Friday 5 March 2010

The Noughties - A Solon's Calling.

Living in End Times.
"What would 'September 11th' have been without television?" - Jacques Derrida

In the late 1990s, people were speculating that the new millennium would herald the end of the world. Over 10 years later and Roland Emmerich has made movie with an apocalyptic vision, which might happen in 2012 apparently. We still cannot imagine the end of capitalism, so we imagine the apocalypse because that is easier to envision in this era of mass fear and cynicism. It would be too easy and cynical to simply describe this time period as a decade of shallow consumerism, horrifying atrocities, celebrity worship, impending environmental doom and avaricious excess. The Noughties were paradoxical, in that wondrous luxuries were now available at the click of a button on a keyboard. But all the while there was a sense that we are drifting obliviously into our own destruction - these are the end times. Yes, this occurred in previous decades, but in the Noughties this was taken to an extreme, pressing onwards as if there are no limits except there clearly are limits now.
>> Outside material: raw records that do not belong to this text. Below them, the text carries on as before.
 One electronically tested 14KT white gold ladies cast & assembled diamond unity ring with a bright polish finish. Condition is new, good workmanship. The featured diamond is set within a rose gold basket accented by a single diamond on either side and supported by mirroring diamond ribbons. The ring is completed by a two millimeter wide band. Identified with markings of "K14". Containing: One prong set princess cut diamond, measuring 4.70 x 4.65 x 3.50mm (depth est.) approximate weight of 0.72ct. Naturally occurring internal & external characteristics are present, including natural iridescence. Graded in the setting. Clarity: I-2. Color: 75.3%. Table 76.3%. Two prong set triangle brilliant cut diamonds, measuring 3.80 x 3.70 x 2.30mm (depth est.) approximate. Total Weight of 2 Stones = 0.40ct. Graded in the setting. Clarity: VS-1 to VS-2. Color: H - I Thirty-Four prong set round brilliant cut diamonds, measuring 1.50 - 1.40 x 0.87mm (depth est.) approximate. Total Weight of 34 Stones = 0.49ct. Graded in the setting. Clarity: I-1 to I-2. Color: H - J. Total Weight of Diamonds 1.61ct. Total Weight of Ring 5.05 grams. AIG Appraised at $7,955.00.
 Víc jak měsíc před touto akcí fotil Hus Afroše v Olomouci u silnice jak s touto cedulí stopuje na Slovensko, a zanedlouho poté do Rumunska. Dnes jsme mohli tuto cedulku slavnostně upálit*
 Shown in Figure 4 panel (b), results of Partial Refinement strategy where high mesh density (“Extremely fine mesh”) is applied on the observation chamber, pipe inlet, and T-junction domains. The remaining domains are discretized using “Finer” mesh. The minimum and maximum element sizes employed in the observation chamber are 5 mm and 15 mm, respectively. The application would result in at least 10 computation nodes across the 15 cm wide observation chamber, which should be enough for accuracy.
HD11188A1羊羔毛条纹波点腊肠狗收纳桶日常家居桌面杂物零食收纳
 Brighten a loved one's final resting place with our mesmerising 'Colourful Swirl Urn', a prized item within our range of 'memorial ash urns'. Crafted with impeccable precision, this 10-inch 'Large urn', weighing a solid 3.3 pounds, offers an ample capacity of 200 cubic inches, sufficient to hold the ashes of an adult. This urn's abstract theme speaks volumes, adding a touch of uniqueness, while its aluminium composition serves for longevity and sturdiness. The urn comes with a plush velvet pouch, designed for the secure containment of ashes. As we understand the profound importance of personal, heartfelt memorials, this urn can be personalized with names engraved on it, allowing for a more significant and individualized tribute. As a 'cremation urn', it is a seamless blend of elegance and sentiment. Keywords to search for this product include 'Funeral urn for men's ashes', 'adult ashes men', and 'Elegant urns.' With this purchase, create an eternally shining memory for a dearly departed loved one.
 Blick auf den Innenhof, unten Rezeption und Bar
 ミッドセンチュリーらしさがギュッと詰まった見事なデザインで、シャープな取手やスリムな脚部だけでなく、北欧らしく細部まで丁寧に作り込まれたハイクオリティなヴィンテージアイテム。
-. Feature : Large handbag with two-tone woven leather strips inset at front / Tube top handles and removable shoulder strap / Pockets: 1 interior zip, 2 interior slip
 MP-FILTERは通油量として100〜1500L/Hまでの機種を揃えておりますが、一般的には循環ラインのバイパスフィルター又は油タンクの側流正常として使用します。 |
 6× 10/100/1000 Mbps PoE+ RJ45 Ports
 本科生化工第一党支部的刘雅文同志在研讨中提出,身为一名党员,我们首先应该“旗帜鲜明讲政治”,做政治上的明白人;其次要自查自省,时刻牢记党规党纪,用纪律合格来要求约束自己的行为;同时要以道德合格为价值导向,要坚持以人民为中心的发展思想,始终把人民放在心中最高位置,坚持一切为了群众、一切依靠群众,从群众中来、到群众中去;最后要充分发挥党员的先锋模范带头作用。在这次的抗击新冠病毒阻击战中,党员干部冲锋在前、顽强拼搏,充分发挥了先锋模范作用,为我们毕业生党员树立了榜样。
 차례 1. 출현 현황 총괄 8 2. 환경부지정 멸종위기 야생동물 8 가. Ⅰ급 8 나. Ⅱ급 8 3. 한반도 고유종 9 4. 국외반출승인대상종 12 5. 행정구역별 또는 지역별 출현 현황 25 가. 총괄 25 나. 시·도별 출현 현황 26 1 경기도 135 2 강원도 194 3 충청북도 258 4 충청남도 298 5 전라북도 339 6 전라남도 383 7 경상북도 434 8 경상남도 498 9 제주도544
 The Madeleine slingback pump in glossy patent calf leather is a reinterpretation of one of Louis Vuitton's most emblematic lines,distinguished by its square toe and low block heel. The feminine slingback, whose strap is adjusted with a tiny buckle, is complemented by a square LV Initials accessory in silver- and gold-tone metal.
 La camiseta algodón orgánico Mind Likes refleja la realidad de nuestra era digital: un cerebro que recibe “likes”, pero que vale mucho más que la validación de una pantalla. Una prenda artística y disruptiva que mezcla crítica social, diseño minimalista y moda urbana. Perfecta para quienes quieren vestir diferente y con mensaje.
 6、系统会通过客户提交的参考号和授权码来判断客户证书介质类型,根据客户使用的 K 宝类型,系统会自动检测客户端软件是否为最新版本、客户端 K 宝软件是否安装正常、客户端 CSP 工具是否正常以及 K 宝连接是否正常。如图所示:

One question comes to mind: How long can we just keep going on like this?

As JG Ballard once wrote "The marriage of reason and nightmare that has dominated the 20th Century has given birth to an ever more ambiguous world."
It could be that the ambiguity, born of that "marriage", is present in the undercurrents of our lives today. Botox is an interesting case in reflecting the strange juxtaposition, the horror and the beauty, the nightmare and the reason. It was during World War II that fears of Germany using biological warfare drove the Americans to develop the chemical botulinum toxin, the principle ingredient of botox, as part of a germ warfare experiment. Botulinum toxin is actually one of the most lethal substances in the world, it causes the disease botulism which has a rate of almost 100% mortality. But it was later found that non-lethal amounts could be used to treat wrinkles. It wasn't until the early 21st Century that botox became accessible to those who weren't the rich or the famous. At times it seemed as though there was a desperation to push consumerism further and further, breaking down boundaries and pushing the limit. But at the same time exhaustion, at the notion of very real limitations and there banality, leading to a increasing reliance on the past.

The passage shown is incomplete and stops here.